Apa yang menarik adalah bagaimana taruhan itu kontras dengan pasar yang lebih luas. Selama bertahun-tahun, ide dominan adalah bahwa satu atau dua rantai umum akan melakukan segalanya, dan semua orang lainnya akan mengorbit mereka. Baru-baru ini, kepastian itu telah melunak. Kita melihat lebih banyak rantai yang dirancang di sekitar jenis aktivitas tertentu, bukan karena mereka tidak bisa bersaing, tetapi karena mereka tidak mau. Vanar cocok dengan pola itu. Ini tidak mencoba untuk berada di mana-mana. Ini mencoba untuk dapat diandalkan di suatu tempat.

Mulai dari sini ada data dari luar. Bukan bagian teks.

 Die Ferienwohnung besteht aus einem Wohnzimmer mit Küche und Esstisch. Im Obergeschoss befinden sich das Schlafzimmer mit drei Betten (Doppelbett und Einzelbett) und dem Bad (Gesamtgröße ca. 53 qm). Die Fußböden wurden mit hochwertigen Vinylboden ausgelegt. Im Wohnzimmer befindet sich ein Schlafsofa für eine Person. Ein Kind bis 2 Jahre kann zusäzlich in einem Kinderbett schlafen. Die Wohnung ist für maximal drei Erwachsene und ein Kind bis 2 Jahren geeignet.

Sementara itu, pelapisan teknis terus berlanjut. Di atas protokol dasar, Anda mendapatkan alat pengembang, SDK, dan abstraksi yang menyembunyikan kompleksitas. Di situlah sebagian besar pengguna tinggal. Namun, lapisan-lapisan itu hanya berfungsi jika fondasi di bawahnya tidak bergeser. Jika aturan konsensus berubah secara tidak terduga, atau pasar biaya berperilaku tidak teratur, setiap abstraksi akan retak. Menjadi L1 memungkinkan Vanar menyelaraskan lapisan-lapisan itu dengan sengaja, daripada beradaptasi setelah fakta.
Ada juga sinyal budaya yang tersemat dalam pilihan ini. Tim L1 cenderung berpikir dalam jangka waktu yang lebih panjang. Anda tidak meluncurkan lapisan dasar jika Anda mengoptimalkan untuk keluar cepat. Anda melakukannya jika Anda berharap untuk tetap ada, mempertahankan infrastruktur yang diandalkan orang lain. Itu tidak menjamin keberhasilan, tetapi mengubah insentif. Keputusan terasa lebih berat. Jalan pintas lebih mahal di kemudian hari.
Semua ini tidak berarti Vanar kebal terhadap tantangan biasa. Efek jaringan itu nyata. Likuiditas tidak muncul hanya karena arsitektur itu solid. Pengembang pergi ke tempat pengguna sudah berada, dan pengguna mengikuti familiaritas. Argumen tandingan jelas: mengapa membangun dasar baru ketika yang ada sudah 'cukup baik'? Jawabannya, secara implisit, adalah bahwa cukup baik tergantung pada apa yang Anda bangun. Untuk beberapa kategori, terutama yang menghadapi konsumen, tepi yang kasar tidak menarik. Mereka fatal.
Saat Anda memperbesar, Vanar yang menjadi L1 terlihat kurang seperti pameran dan lebih seperti diagnosis. Ini menunjukkan bahwa tim percaya bahwa fase berikutnya dari adopsi blockchain bukan tentang menumpuk lebih banyak lapisan di atas fondasi yang rapuh. Ini tentang fondasi yang berfungsi lebih seperti infrastruktur dan kurang seperti eksperimen. Rantai yang tenang. Rantai yang membosankan. Rantai yang tidak meminta pengguna untuk peduli.
Apa yang diungkapkan ini tentang ke mana arah semuanya adalah hal yang halus. Kita bergerak menjauh dari dunia di mana maksimalisme teknis menang secara default. Sebaliknya, kita melihat apresiasi untuk kecocokan. Lapisan dasar yang tepat untuk pekerjaan yang tepat. Keberadaan Vanar sebagai L1 adalah bagian dari pergeseran itu. Ini adalah klaim bahwa beberapa masalah tidak bisa diselesaikan dari pinggir.
Pengamatan yang paling tajam, setelah duduk dengan semua ini, adalah sederhana: Vanar tidak mencoba meyakinkan Anda bahwa blockchain itu menarik. Ini mencoba membuatnya terlupakan. Dan jika itu berhasil, mungkin saja memilih untuk menjadi L1 adalah keputusan paling praktis yang bisa dibuatnya.